[Opening Exercise materials section]

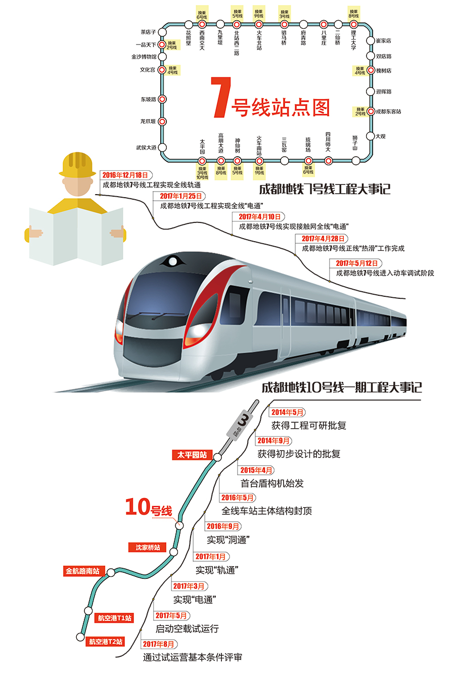 除了即将开通的地铁10号线一期工程,今年内成都还将开通地铁7号线。作为成都地铁的第一条环线,7号线还是国内首条一次性开通的环线地铁线。
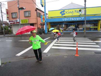 この地点にも二人の学校安全ボランティアさんがいて児童の登校を見守ってくださっていました。雨の中、本当にありがとうございます。
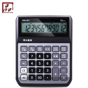 得力 deli 大屏12位语音计算器计算机 男女真声切换 电子琴功能可弹音乐 办公用品 灰黑
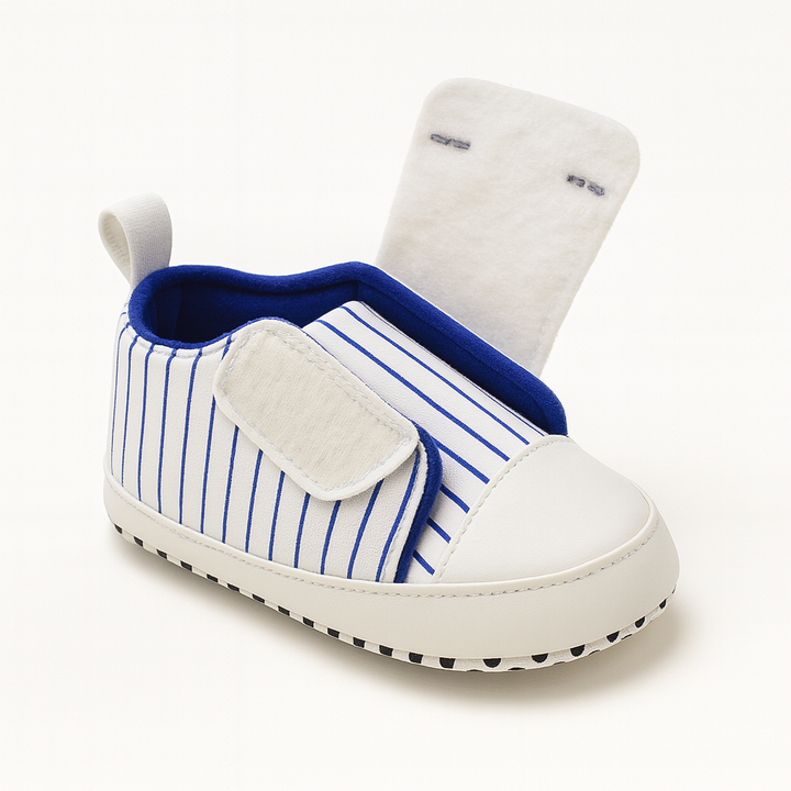 Soft Striped Baby Shoes with Velcro Strap – Blue
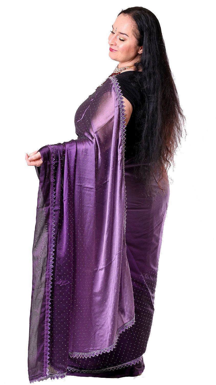 Luxusní třpytivé stínované sárí fialové v8587
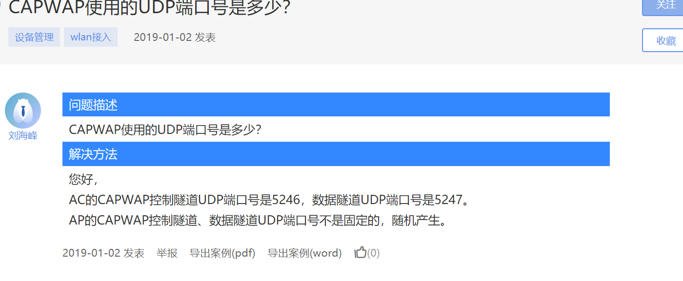 AC的CAPWAP控制隧道UDP端口号是5246,数据隧道UDP端口号是5247。
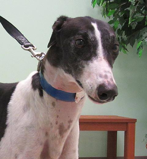 Hookah is a 61lb white female with black spots. She just arrived from Goodman Kennel at Sanford Orlando Race Track. She was a successful racer with a very long career of 211 races. She started out at Derby Lane in Florida and raced most of her races there. She moved to Sanford Orlando in June of 2016 and retired quickly. Hookah seems like a sweet friendly girl. Her sire is the famous DJays Octane and her dam is UCME Rushin By. Hookah passed her cat and small dog tests easily and was actually afraid of the cat. More as we get to know her.

[Closing Exercise materials section]

### What you will do
Across the whole listing, reproduce each line verbatim and exclude every picture.

### Expected answer
 除了即将开通的地铁10号线一期工程,今年内成都还将开通地铁7号线。作为成都地铁的第一条环线,7号线还是国内首条一次性开通的环线地铁线。
 この地点にも二人の学校安全ボランティアさんがいて児童の登校を見守ってくださっていました。雨の中、本当にありがとうございます。
 得力 deli 大屏12位语音计算器计算机 男女真声切换 电子琴功能可弹音乐 办公用品 灰黑
 Soft Striped Baby Shoes with Velcro Strap – Blue
 Luxusní třpytivé stínované sárí fialové v8587
 AC的CAPWAP控制隧道UDP端口号是5246,数据隧道UDP端口号是5247。
 Hookah is a 61lb white female with black spots. She just arrived from Goodman Kennel at Sanford Orlando Race Track. She was a successful racer with a very long career of 211 races. She started out at Derby Lane in Florida and raced most of her races there. She moved to Sanford Orlando in June of 2016 and retired quickly. Hookah seems like a sweet friendly girl. Her sire is the famous DJays Octane and her dam is UCME Rushin By. Hookah passed her cat and small dog tests easily and was actually afraid of the cat. More as we get to know her.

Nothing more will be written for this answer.